First, we show that instead of tuning prompts in the space of text embeddings, it is possible to directly tune their embeddings in the latent space without any loss in quality. This accelerates training and potentially enables the use of additional encoders that do not have a text encoder.
Second, we propose a novel approach that does not require any prompt tuning. Instead, based on CLIP embeddings of backlit and well-lit images from training data, we compute the residual vector in the embedding space as a simple difference between the mean embeddings of the well-lit and backlit images. This vector then guides the enhancement network during training, pushing a backlit image towards the space of well-lit images. This approach further dramatically reduces training time, stabilizes training and produces high quality enhanced images without artifacts.
Additionally, we show that residual vectors can be interpreted, revealing biases in training data, and thereby enabling potential bias correction.

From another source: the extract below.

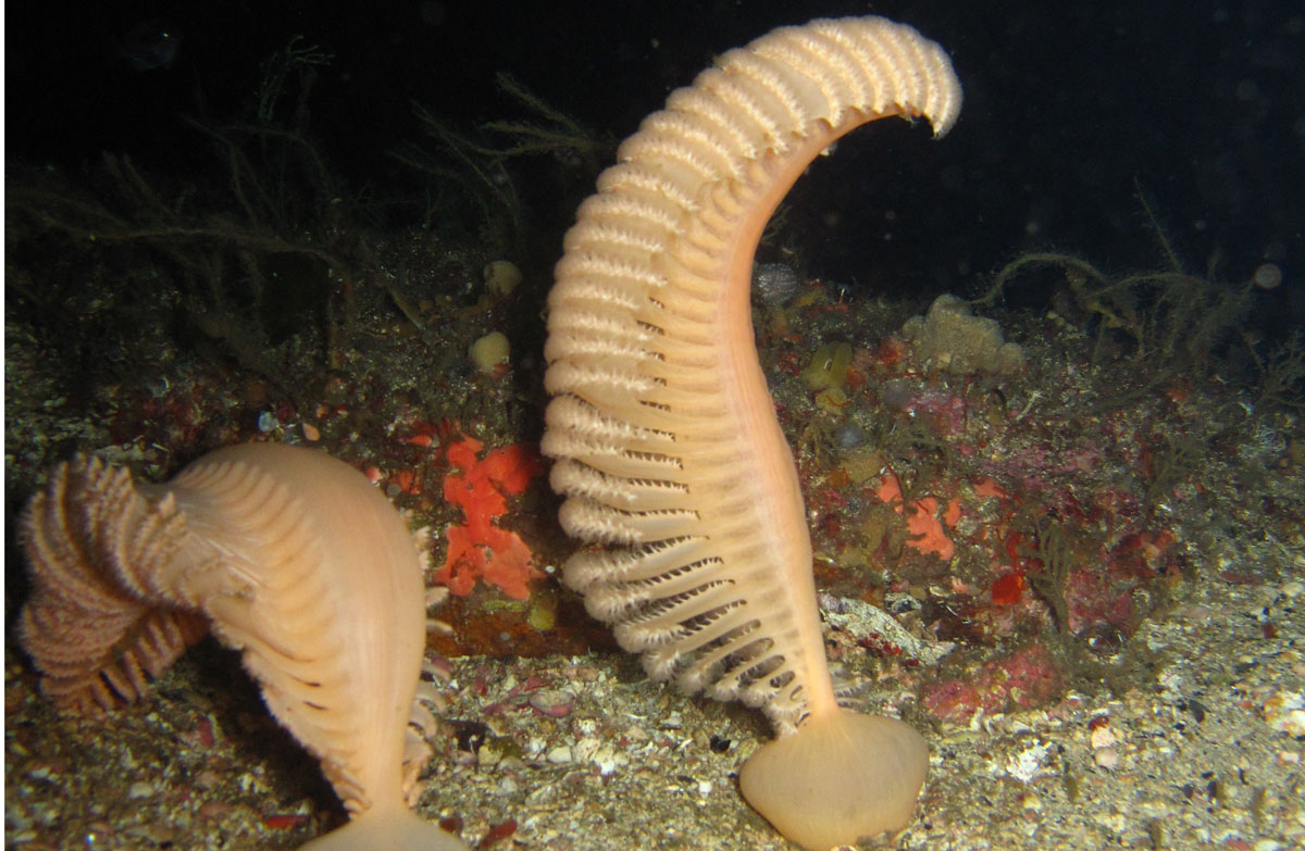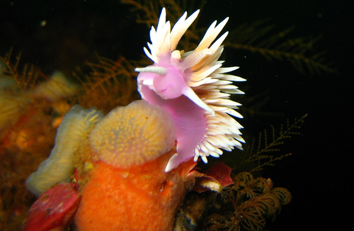 There is very steep rock-wall on the inner northern side of Milford Sound which is dominated by delicate deep water invertebrates. These are animals that are fixed to the rock wall, including encrusting tubeworms, sponges, soft corals, colonial sea squirts, black coral and anemones.
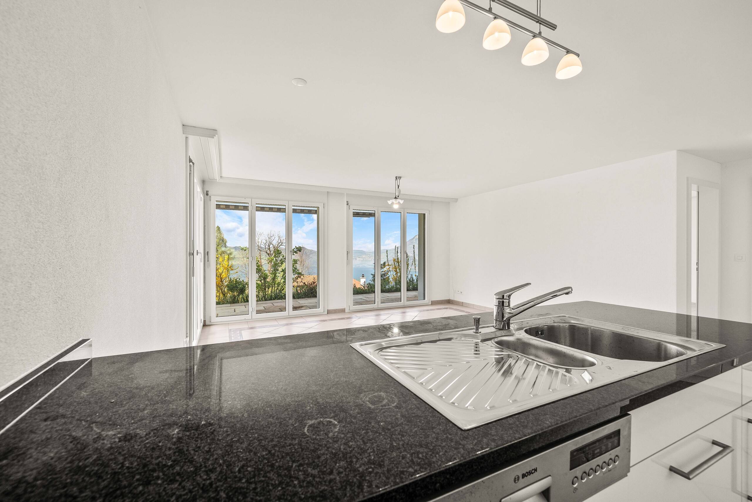 Der offene Wohn- und Essbereich im Obergeschoss bildet den gemeinsamen Mittelpunkt. Grosszügig, lichtdurchflutet und mit einem gemütlichen Cheminée ausgestattet, entsteht hier ein Ort für Begegnung, Gespräche und gemeinsames Leben. Die offene Küche mit Granitabdeckung, Kochinsel und viel Stauraum unterstützt dieses Wohngefühl und lädt dazu ein, den Alltag gemeinsam zu gestalten. Von hier aus führt der direkte Zugang auf die sonnige Terrasse – ideal für gemeinsame Mahlzeiten im Freien.

In RAVE we exploit arithmetic defined in the CLIP latent space. Using well-lit and backlit training data, we construct a residual vector, which will then be used for enhancement model guidance. This is a vector that points in a direction moving from backlit images to well-lit images in the CLIP embedding space. We then use this vector as guidance for the image enhancement model during training. This will train the image enhancement model to produce images with CLIP latent vectors that are close to the CLIP latent vectors of well-lit training images.

We report quantiative results for our methods trained in paired and unpaired training data setups. In the case of paired data each backlit training image has a corresponding well-lit image in the training data. In the case of unpaired data backlit and well-lit training images might be of completely different semantics. Results of our methods show that RAVE achieves state-of-the-art performance in both of these settings.